Treasurer Josh Frydenberg is facing pressure to overhaul JobMaker after the hiring credit fell flat with employers, raising concerns that the government is failing to offer enough stimulus to support the recovery.
Only 521 jobs have been created by the $4 billion scheme in its first six weeks, just 0.1 per cent of the 450,000 Treasury predicted would be supported by the program in the 12 months to October.
Applications opened at the start of February for jobs starting before October 6, meaning an average of 37,500 roles would need to be signed up each month to meet the government’s targets.
The lacklustre uptake has raised concerns that JobMaker – announced in the federal budget to support jobs when JobKeeper ends – is failing to deliver, with just $800,000 paid out to businesses so far.
It comes after the government’s own experts warned that the hiring credits, worth $100 to $200 a week for employers who hire new workers aged under 35, was open to rorts and could create more insecure work.
Although more businesses are expected to sign up when JobKeeper ends, Mr Frydenberg is now planning tweaks in the May budget to encourage more firms to sign up.
But Alison Pennington, senior economist at The Australia Institute’s Centre for Future Work, said the failures require a broader overhaul.
“The predictable failure of JobMaker should spark government interest in engaging in far more ambitious, hands-on jobs planning,” she told The New Daily.
Ms Pennington said the government should reprioritise JobMaker and broaden the part that’s supporting 500 ongoing roles for women in science, technology, engineering and maths (STEM) – a policy experts have backed.
“They know that they can invest in those stronger education-to-jobs pathways in areas that provide decent, meaningful work,” she said.
“[But] they’re so wedded to this ‘let the market do its magic’ ideology that they’ve really misunderstood the scale of this labour market crisis.”
The stakes are high as young people are lagging behind in the COVID-19 jobs recovery, with employment down 2.6 per cent for those aged 24 to 34 in February compared to pre-pandemic, and 7.3 per cent for those aged 20 to 24.
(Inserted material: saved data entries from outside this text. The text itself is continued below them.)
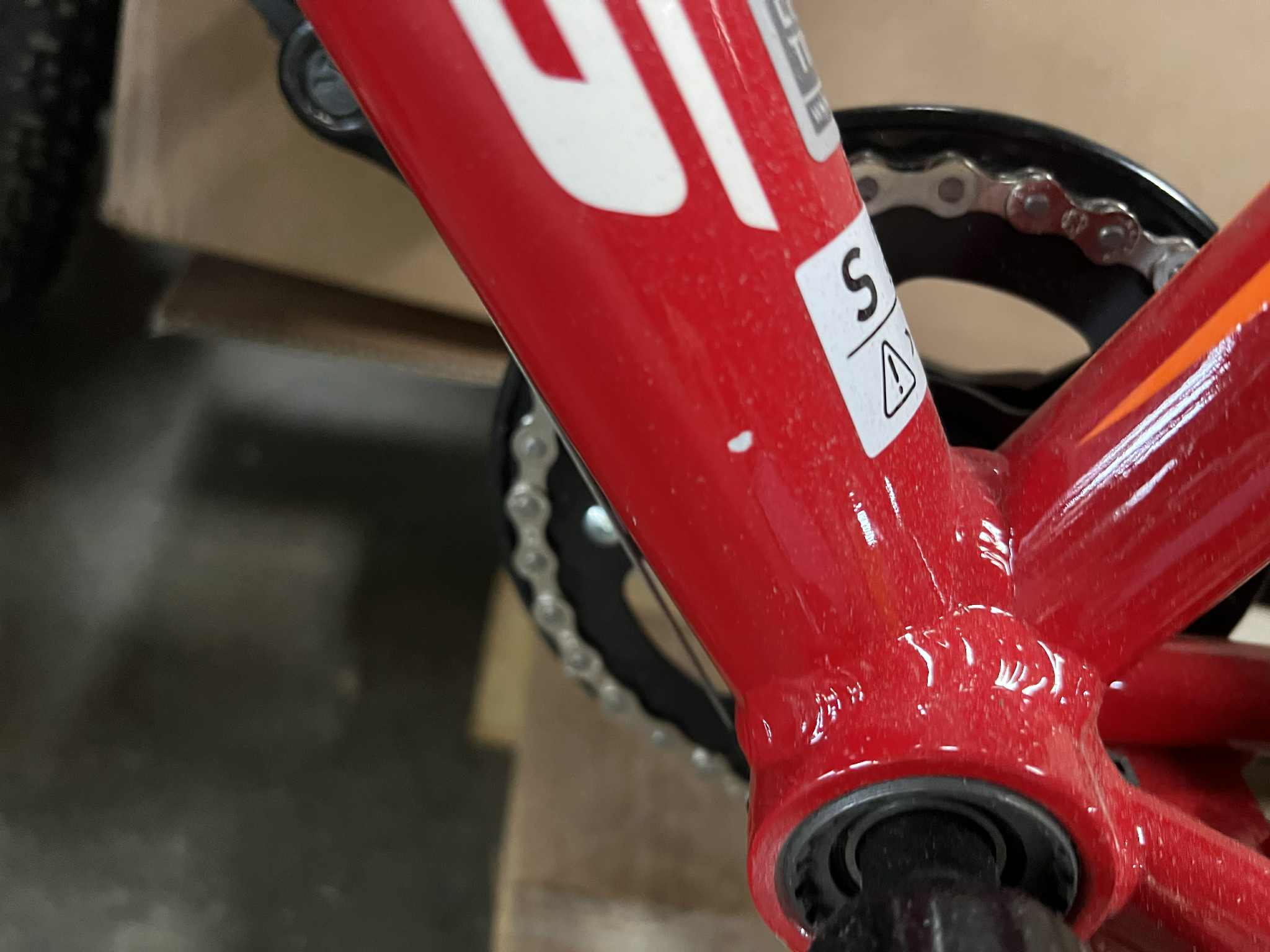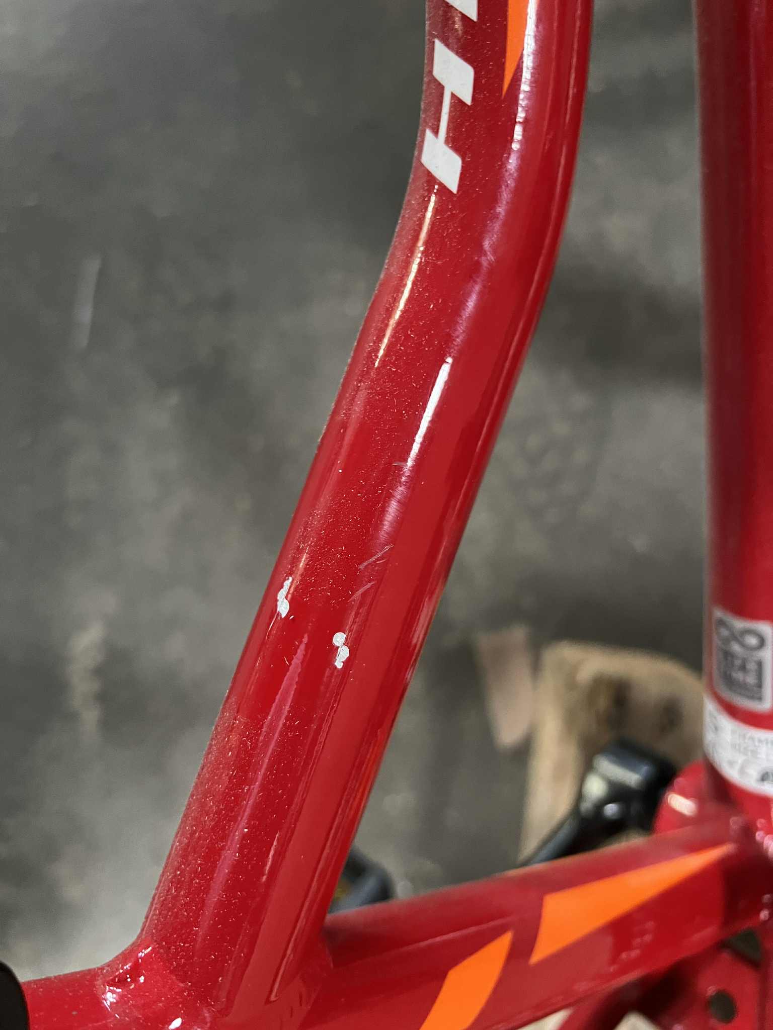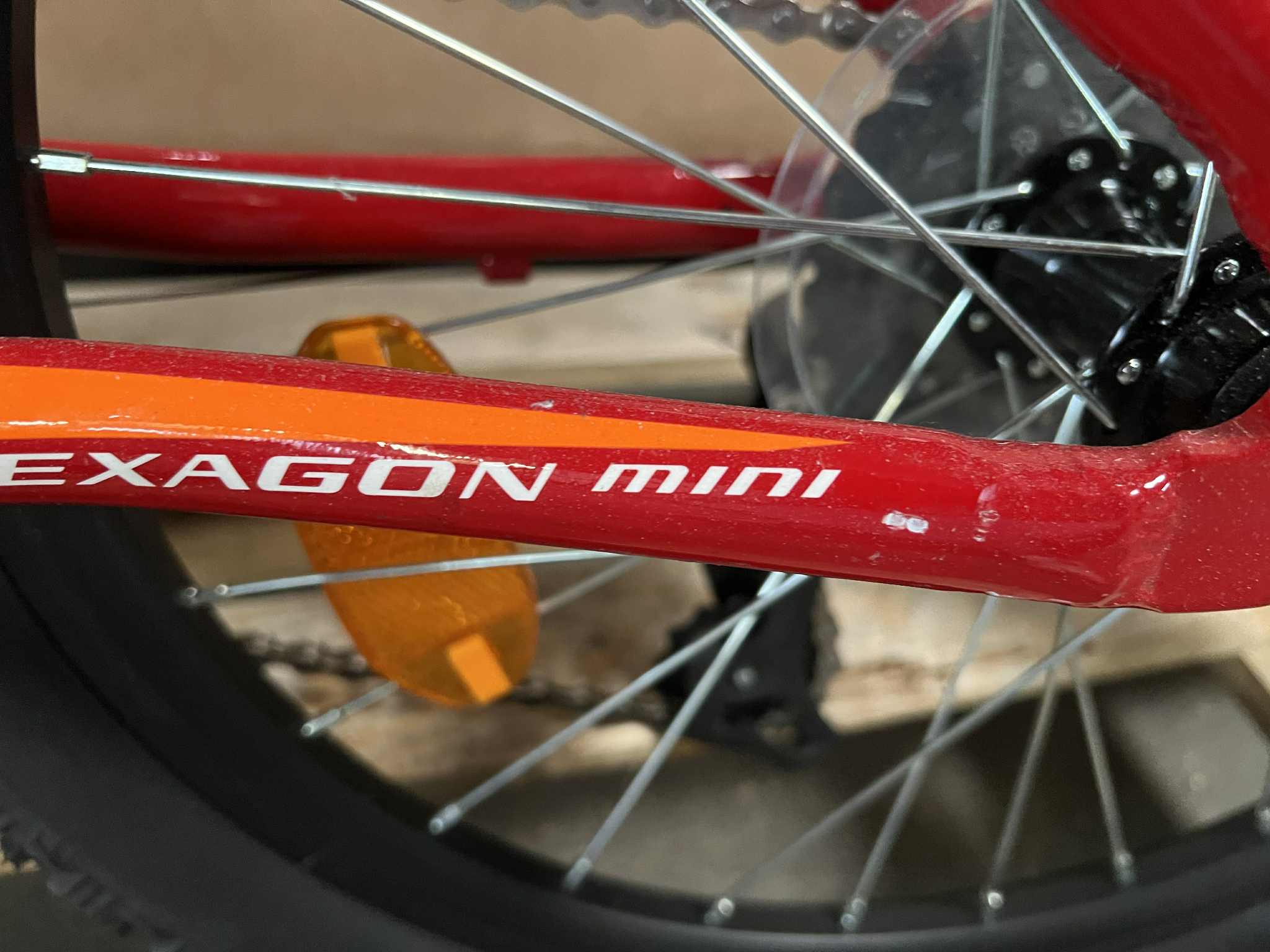 Rower Kross Hexagon mini 1.0 jest rowerem nowym nie używanym, posiada odrapany przedni widelec, podrapaną ramę posiada odpryski oraz odpryski na tylnym trójkącie.
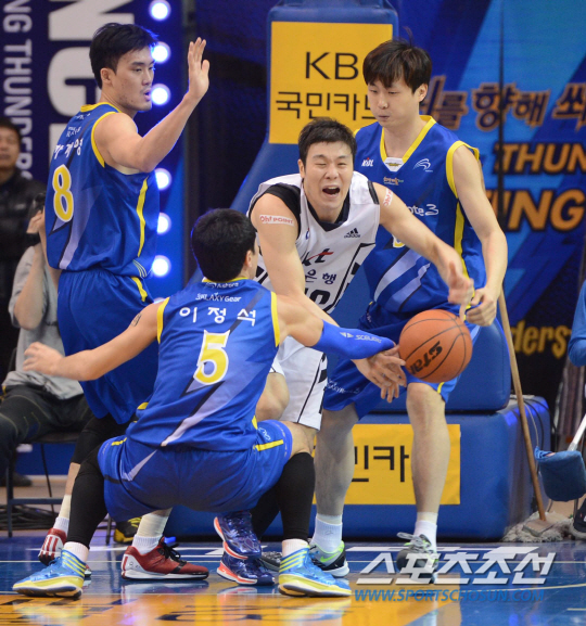16일 오후 서울 잠실실내체육관에서 2013-2014 프로농구 부산 KT와 서울 삼성의 경기가 열렸다. KT 조성민(가운데)이 삼성 이정석(왼쪽)과 김동우 사이에서 볼을 다투고 있다. 잠실실내체=김경민 기자 kyungmin@sportschosun.com / 2014.01.16.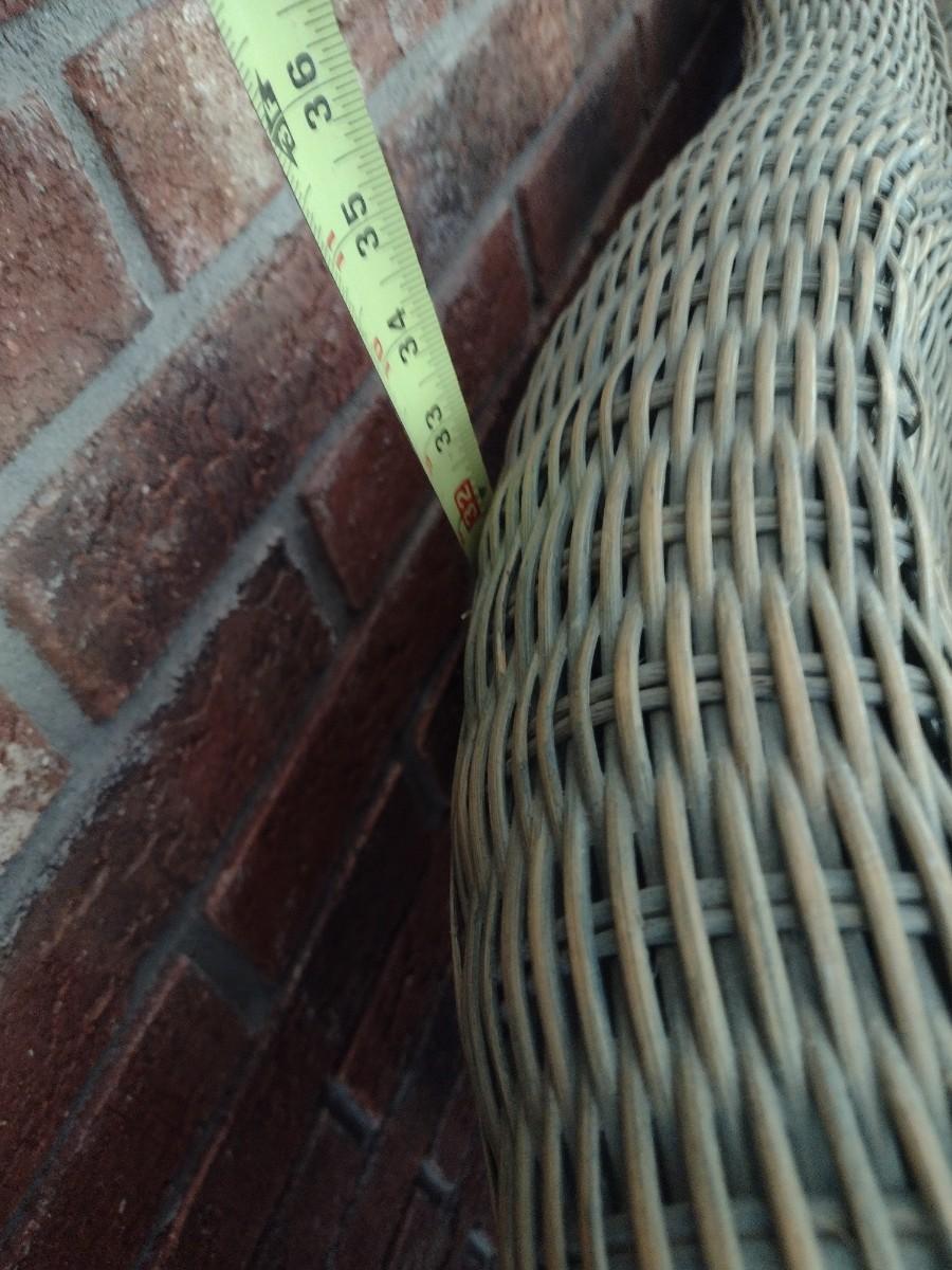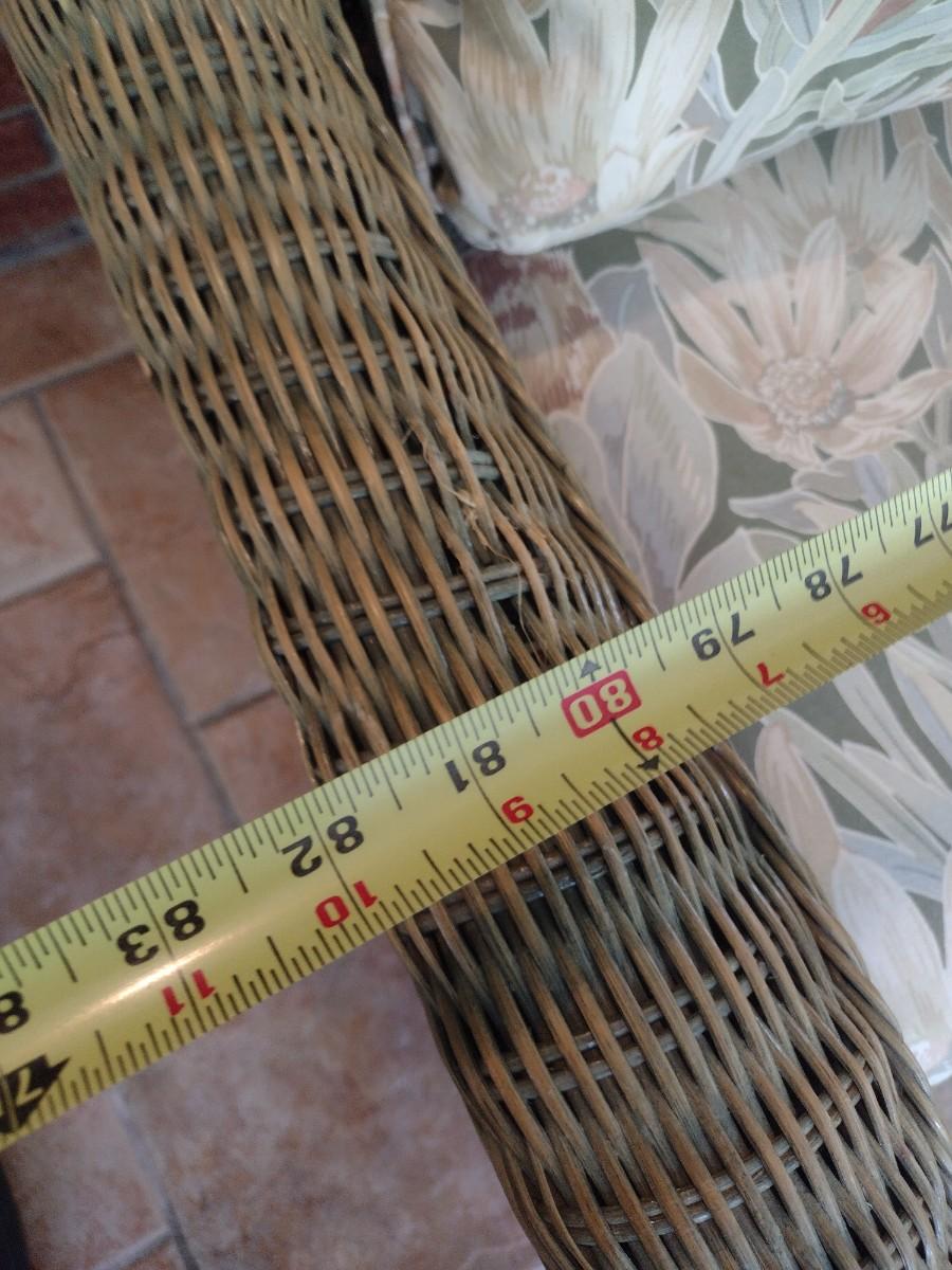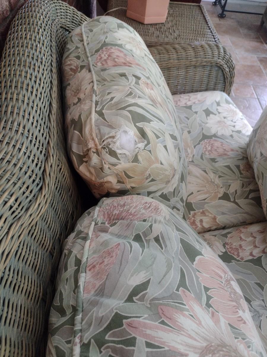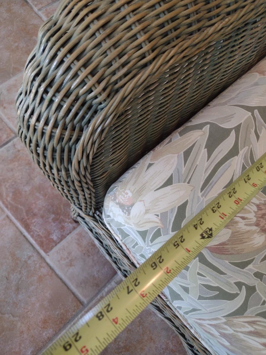 Wicker Rattan Patio Three Cushion Couch. Cushions have wear and some damage as shown
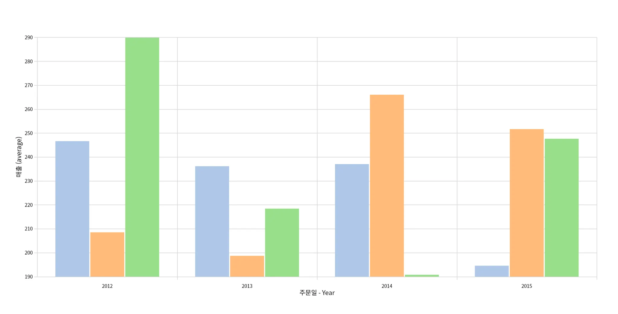 전반적으로 4분기에 연도별 매출액이 제일 높고 1~2분기에 낮은 경향을 보임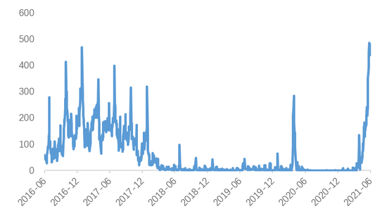 8月前TGA泄洪的压力仍在。2021年2月1日,美国财政部公布TGA缩减计划,开始着手压降TGA账户余额。计划3月底缩减至8000亿美元,6月底缩减至5000亿美元,最终在7月底达到要求。但截止6月2日TGA的账户余额还有7832亿,压降速度低于计划。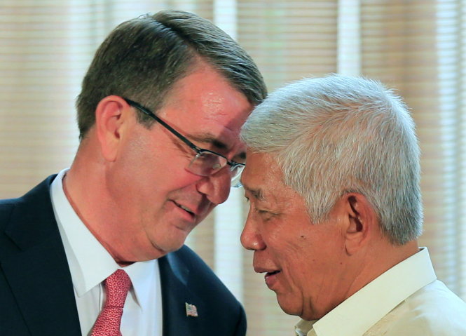 Bộ trưởng Quốc phòng Mỹ Ashton Carter (trái) và Bộ trưởng Quốc phòng Philippines Voltaire Gazmin tại buổi họp báo ở phủ tổng thống (Manila) ngày 14-4 - Ảnh: Reuters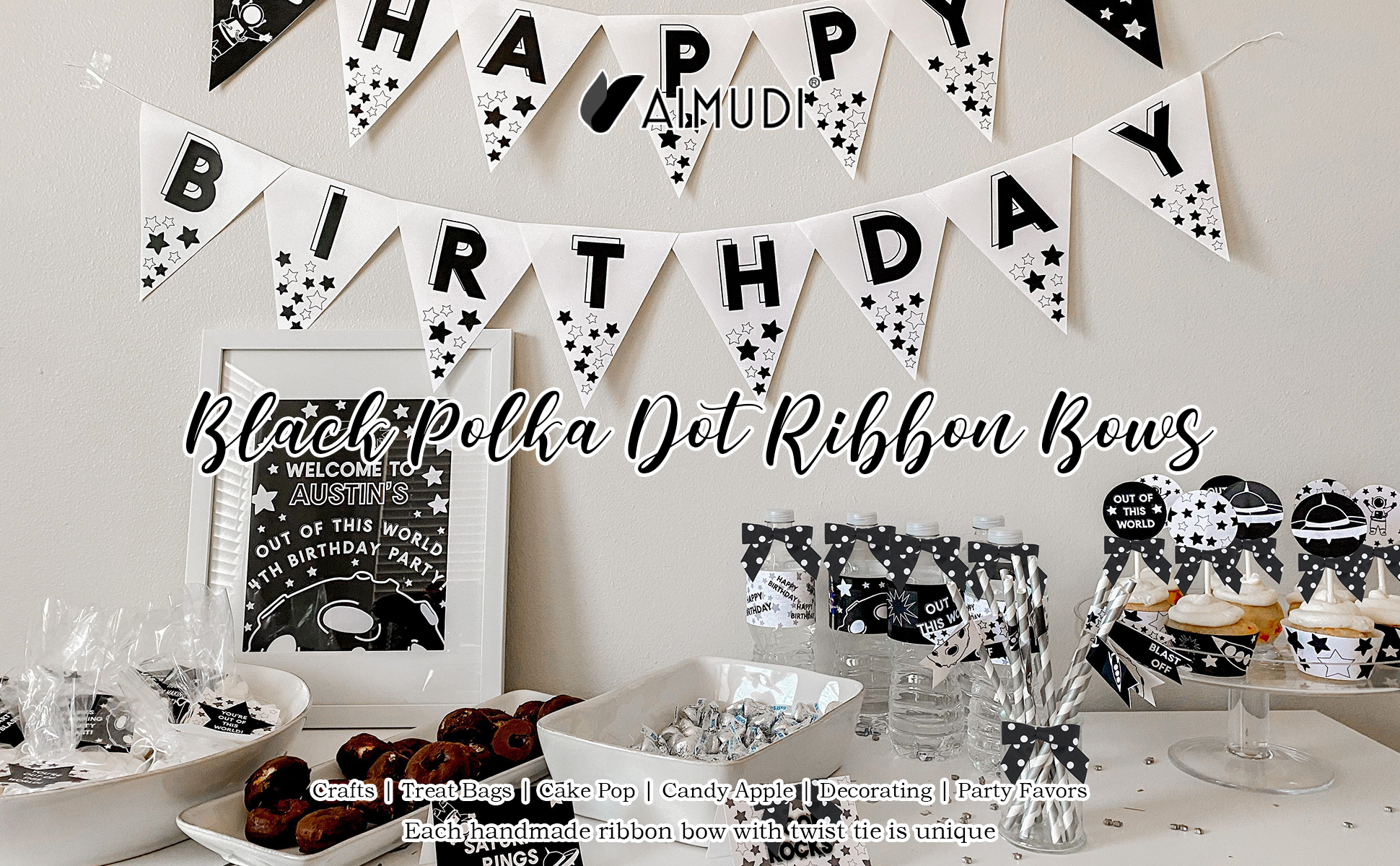 - المادة - الأقواس المزخرفة مصنوعة من شريط الحرير المضلع مقاس 2.54 سم مع مطبوعات منقطة بيضاء، نمط بسيط وكلاسيكي، تضيف بسهولة لمسة نهائية مشرقة إلى حفلتك، وحقائب الكعك، وسلة الهدايا.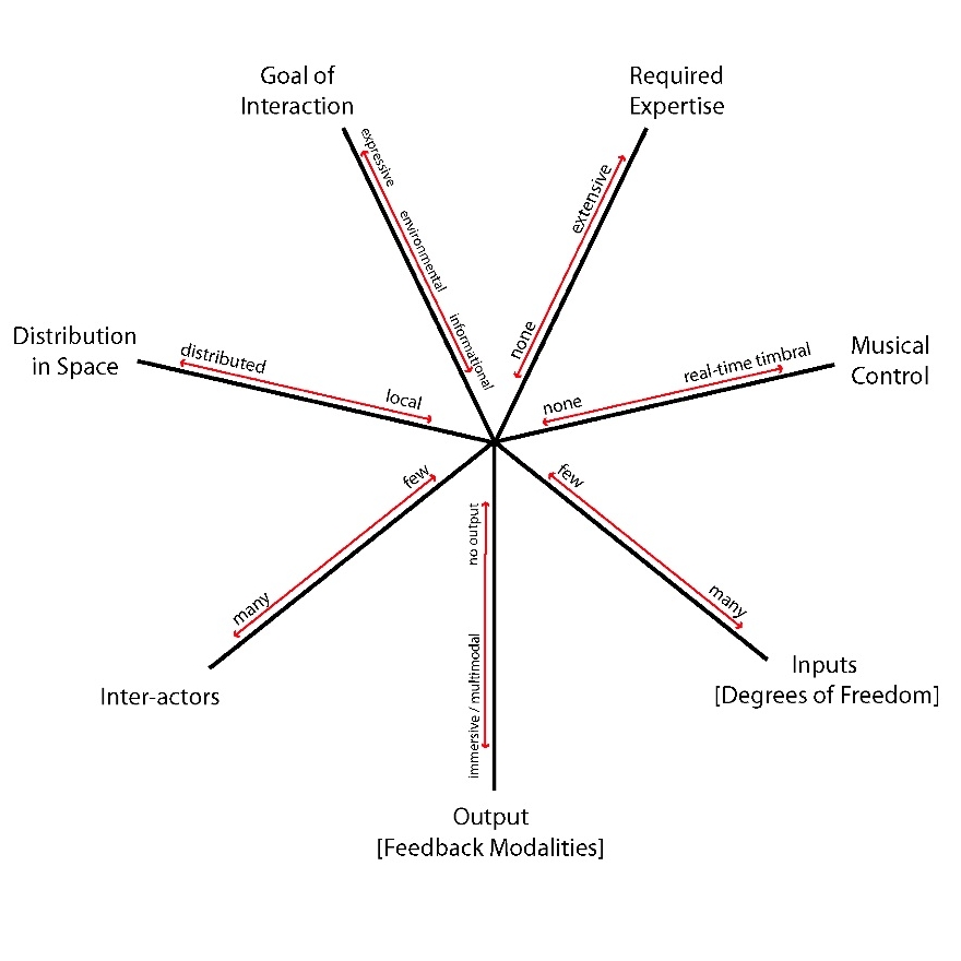 This framework attempts to clarify some of the issues surrounding music interface design. It can be used to analyze and compare existing instruments, guide the design of new ones, or see how instruments could be used in new ways. For details, please read Towards a new conceptual framework for digital musical instruments.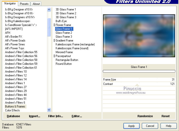 6. Effetti>Plugins>Filters Unlimited 2.0 - Buttons & Frams - Glass Frame 1.

Research shows employment for young people can take up to a decade to recover after a recession, in what Equity Economics lead economist Angela Jackson said was an urgent issue that required a more effective government response than the one JobMaker is delivering.
“This policy was aimed at just getting [young] people a job, any job, and that’s what actually leads to the long-term negative impacts,” Ms Jackson told The New Daily.
“They get poor job matching, and they don’t necessarily develop the skills they need.”
Yet, while JobMaker is failing to deliver, the government isn’t expected to unveil big changes and is instead considering widening the eligibility.
“While the program [JobMaker] is still in its early stages, given the take up to date the government will examine its criteria and settings in the context of the budget,” Mr Frydenberg said in a statement.
But this approach ignores how hiring credit programs have proven to be an ineffective way to support employment generally, Ms Jackson said.
“It’s a difficult program for employers to necessarily navigate and they’re probably not going to bother for the financial rewards that are on offer,” Ms Jackson said.
Under the current rules of the scheme, employers are not required to provide ongoing employment once the hiring credits expire, or provide additional training to build skills.
Kristin O’Connell, spokesperson for the Australian Unemployed Workers Union (AUWU), said members felt “sold out” when JobMaker was announced, as the government was simultaneously mulling cuts to the temporary Coronavirus Supplement.
The union wants JobMaker scrapped and replaced with an in-kind increase in unemployment support, on the premise that members are better placed to find work when the rate of JobSeeker is above the poverty line.
“During the pandemic, when payments were above the poverty line, people were searching for work more than ever,” Ms O’Connell told TND.
That fewer than the expected 45,000 roles will be created by JobMaker also raises broader concern about the COVID-19 recovery.
Ms Jackson said the government must be careful in ensuring the level of government support for the economy is adequate moving forward.
“The problem with the way they structured a lot of their stimulus was that it was incentives or subsidies for behaviour,” Ms Jackson explained.
Although the federal government has earmarked $4 billion for JobMaker, the program is demand driven, meaning it’s possible that not all that money will flow into the economy if the scheme is undersubscribed.
“It means that if businesses don’t hire workers, if they don’t invest, then that stimulus won’t flow and the economy won’t get the support it needs,” Ms Jackson said.
“The government needs to be very mindful. We’re in a fantastic spot at the moment, but to keep that going there’s still going to be a role for government.”